Aberasturi Dillon T, Piegorsch Walter W, Bedrick Edward J, Lussier Yves A
Center for Biomedical Informatics and Biostatistics, University of Arizona, Tucson, AZ, USA.
Bio5 Institute, University of Arizona, Tucson, AZ, USA.
Stat (Int Stat Inst). 2023 Jan-Dec;12(1). doi: 10.1002/sta4.518. Epub 2022 Oct 24.
We describe a collaborative project involving faculty and students in a university bioinformatics/biostatistics center. The project focuses on identification of differentially expressed gene sets ("pathways") in subjects expressing a disease state, medical intervention, or other distinguishable condition. The key feature of the endeavor is the data structure presented to the team: a single cohort of subjects with two samples taken from each subject - one for each of two differing conditions without replication. This particular structure leads to essentially a cohort of contingency tables, where each table compares the differential gene state with the pathway condition. Recognizing that correlations both within and between pathway responses can disrupt standard table analytics, we develop methods for analyzing this data structure in the presence of complicated intra-table correlations.
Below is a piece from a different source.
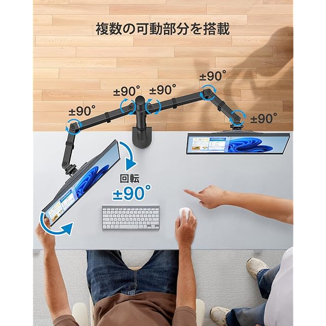 【角度調節】革新的な多軸設計で画面を上45°、下45°、左右90°、回転360°に調節可能で、可動範囲が広くて便利です。デュアルモニターアームでどんな姿勢でも液晶画面が見れて、目の疲れを軽減でき、作業効率が上がります。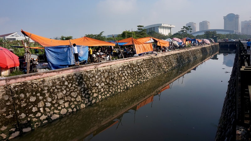 | Khu liên hợp Thể Thao Mỹ Đình tồn tại từ lâu một khu chợ với dãy lán nhếch nhác trải dài gần nửa cây số. |

These provide some convenient approaches for this problem, using design effect adjustments from sample survey theory and manipulations of the summary table counts. Monte Carlo simulations show that the methods operate extremely well, validating their use in practice. In the end, the collaborative connections among the team members led to solutions no one of us would have envisioned separately.
我们描述了一个涉及大学的生物信息学/生物统计学中心的教师和学生的合作项目。该项目专注于识别表达疾病状态、医学干预或其他可区分状况的受试者中差异表达的基因集(“通路”)。这项工作的关键特征是呈现给团队的数据结构:一组受试者,每个受试者采集两个样本——分别用于两种不同状况,且无重复。这种特殊结构本质上导致了一组列联表,其中每个表将差异基因状态与通路状况进行比较。认识到通路反应内部和之间的相关性会干扰标准的表格分析,我们开发了在存在复杂的表内相关性的情况下分析这种数据结构的方法。这些方法使用样本调查理论中的设计效应调整和汇总表计数的操作,为这个问题提供了一些便捷的方法。蒙特卡罗模拟表明这些方法运行得非常好,验证了它们在实际中的应用。最后,团队成员之间的合作联系带来了我们中没有人能单独设想出来的解决方案。